The Pacific deployments confirm that free-fall installation remains viable beyond five kilometres of water depth, a milestone that extends the operational envelope of Develogic’s MSL platform and opens access to a class of seabed environments previously beyond reach for standard instrumentation approaches. The landers were deployed without ROV assistance, free falling to the seabed and touching down the correct way up. Both units are now operational, collecting data and transmitting results via acoustic telemetry to the surface.
The offshore wind programme involved the delivery and installation of seven wireless Sonar Transponders at two producing wind farms in the North Sea. The Develogic Sonartransponder is an acoustic collision warning system that provides underwater vehicles – including survey ROVs, inspection AUVs, and naval submarines with accurate positional data on fixed subsea infrastructure. It responds to predefined acoustic interrogation signals with standardised navigation warnings, enabling approaching vehicles to localise wind farm foundations, inter-array cables, and monopile structures in conditions of limited visibility.
This deployment introduced several technical advances over previous iterations. Electromagnetic (EM) communication across the water-to-air boundary – linking submerged transponders directly to topside infrastructure without acoustic relay – was implemented operationally for the first time in this configuration. Mounting systems were engineered to withstand storm loading equivalent to a 50-year return period event, meeting the structural requirements of permanent installation on operational offshore infrastructure. The project also included a refined installation methodology developed to reduce vessel time and diver exposure during deployment.

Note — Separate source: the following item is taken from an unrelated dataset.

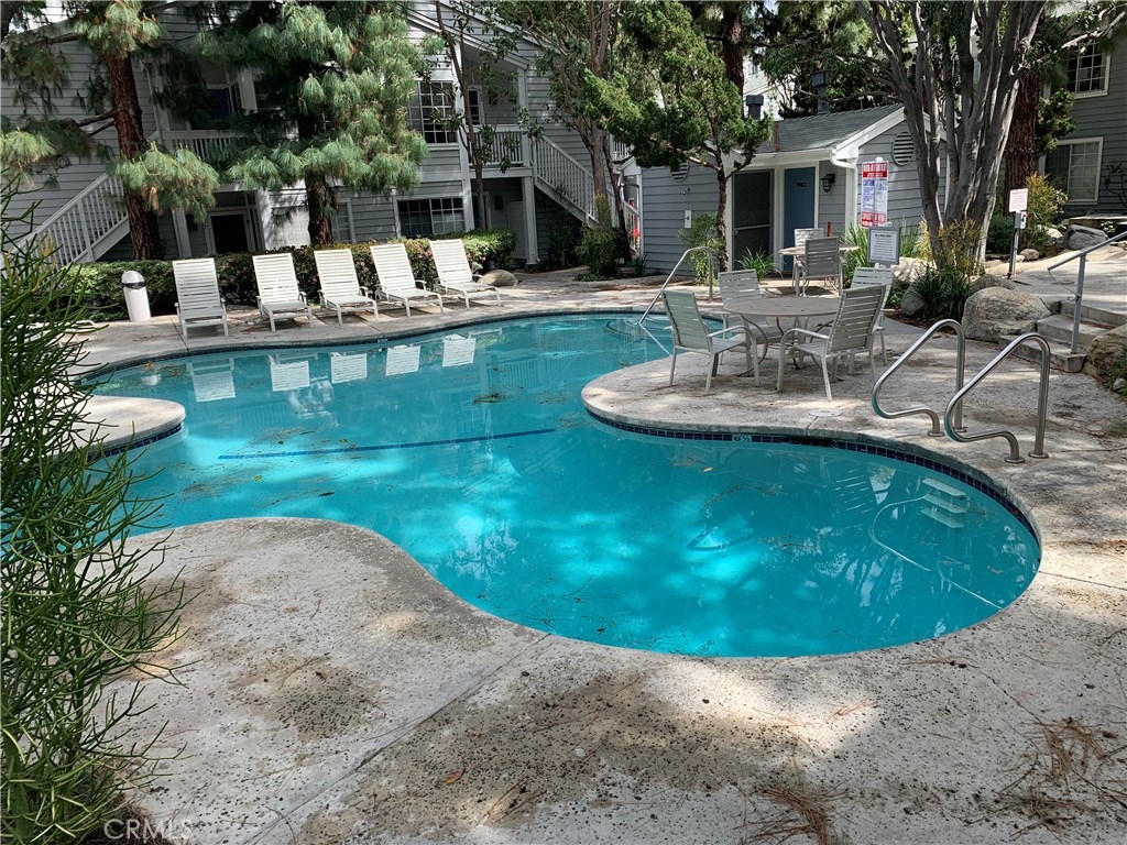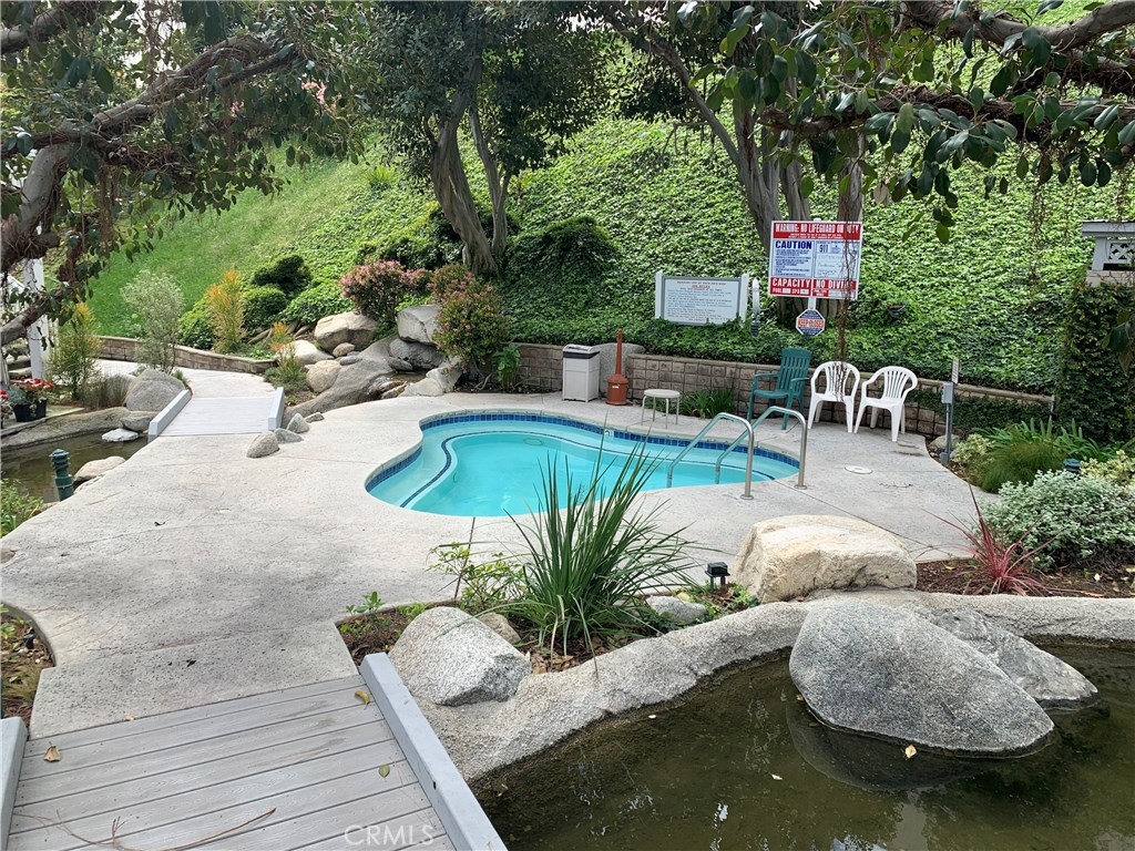 Extremely rare 2 Bedroom upstairs corner condo in Ponderosa Springs. You will love the ambiance and the serenity of this mountain resort styled development with its running streams, beautiful gardens, gorgeous pine trees, waterfalls and sparkling pools and jacuzzis. This corner lot has a unique outdoor balcony with incredible views of the water features and nature surrounding it. The condo has been well maintained with granite upgrades, fireplace, new carpet, and AC. The master bedroom is spacious and the attached bath is move in ready condition. A designated laundry room is inside the home for ultimate convenience. The two parking spaces are super close to the unit making a grocery run a breeze. Ponderosa Springs finished a $4.5 million exterior renovation and the seller is paying special assessment in full at close of escrow! Conveniently located to Terraces Shopping Center, grocery stores, shopping, several restaurants, schools, and parks! Hurry, this one will go quickly!

Both programmes demonstrate the breadth of environments in which Develogic systems now operate – from the abyssal depths of the Pacific Ocean to the shallow waters of the North Sea. Develogic’s modular engineering philosophy builds subsea systems from configurable, pressure-rated building blocks rather than fixed, single-purpose designs. The same core technologies; acoustic communications, pressure housing architecture and intelligent data management – scale seamlessly from scientific landers operating at depths of 5,000 metres to compact transponder systems supporting offshore wind farms in just 30 metres of water.

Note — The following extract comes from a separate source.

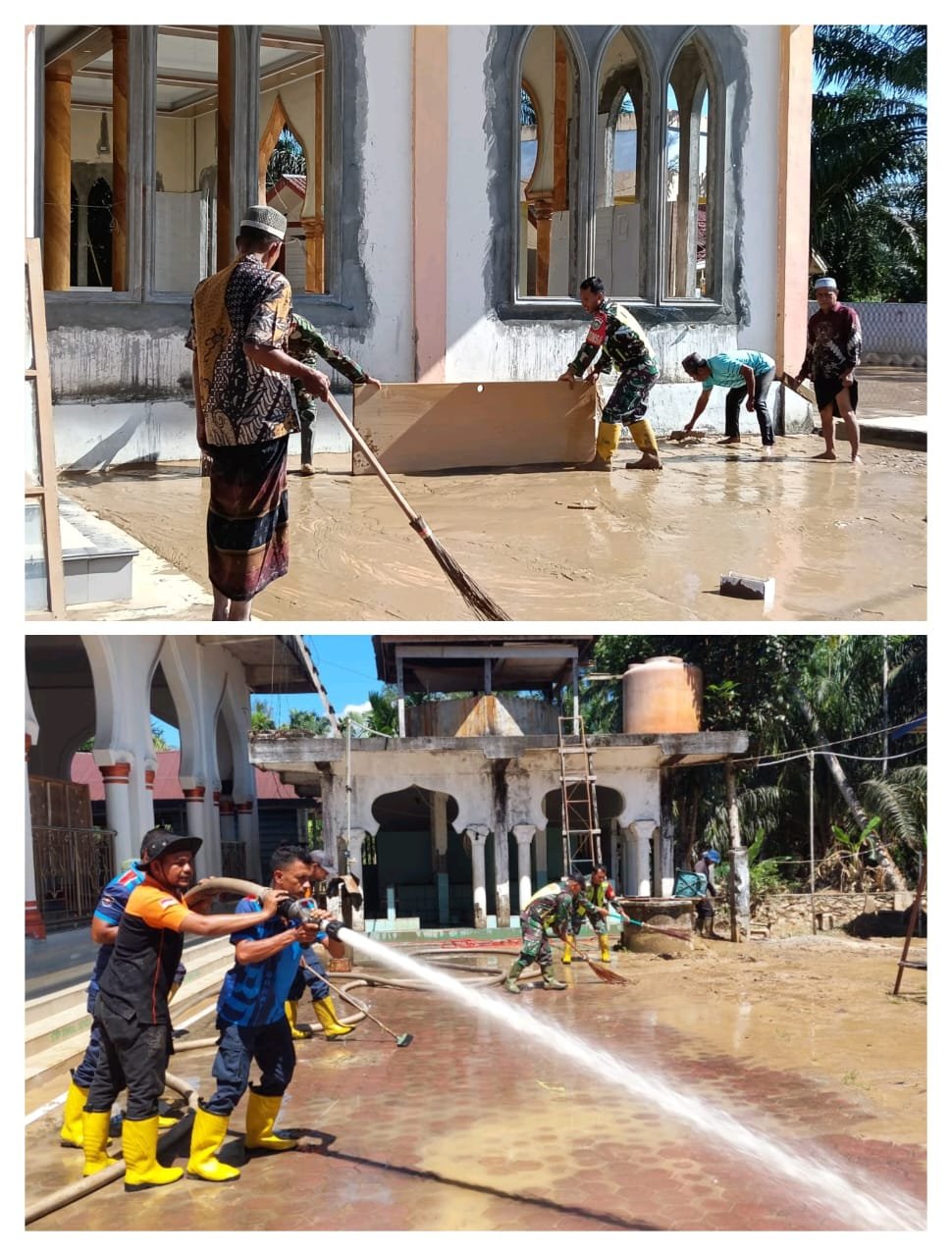 Aksi pembersihan ini menjadi bukti nyata kepedulian TNI terhadap masyarakat, khususnya dalam membantu pemulihan fasilitas umum dan tempat ibadah pasca bencana. Para personel Koramil bersama warga bahu-membahu mengangkat lumpur, membersihkan halaman, serta menata bagian dalam masjid agar dapat kembali digunakan untuk kegiatan ibadah.

The offshore wind sector is entering a phase of rapid expansion in both capacity and geographic scope, with new farms being commissioned at greater distances from shore and in deeper water. The requirement for reliable subsea navigation infrastructure – capable of guiding the growing fleet of AUVs and ROVs operating in and around these sites – is a structural consequence of that expansion. Develogic’s Sonar Transponder programme, now with multiple operational installations across the North Sea, is designed to scale with it.
Further programme milestones, including environmental monitoring redeployments at floating offshore wind facilities in Norway and continued deep-sea operations in the Pacific, are ongoing.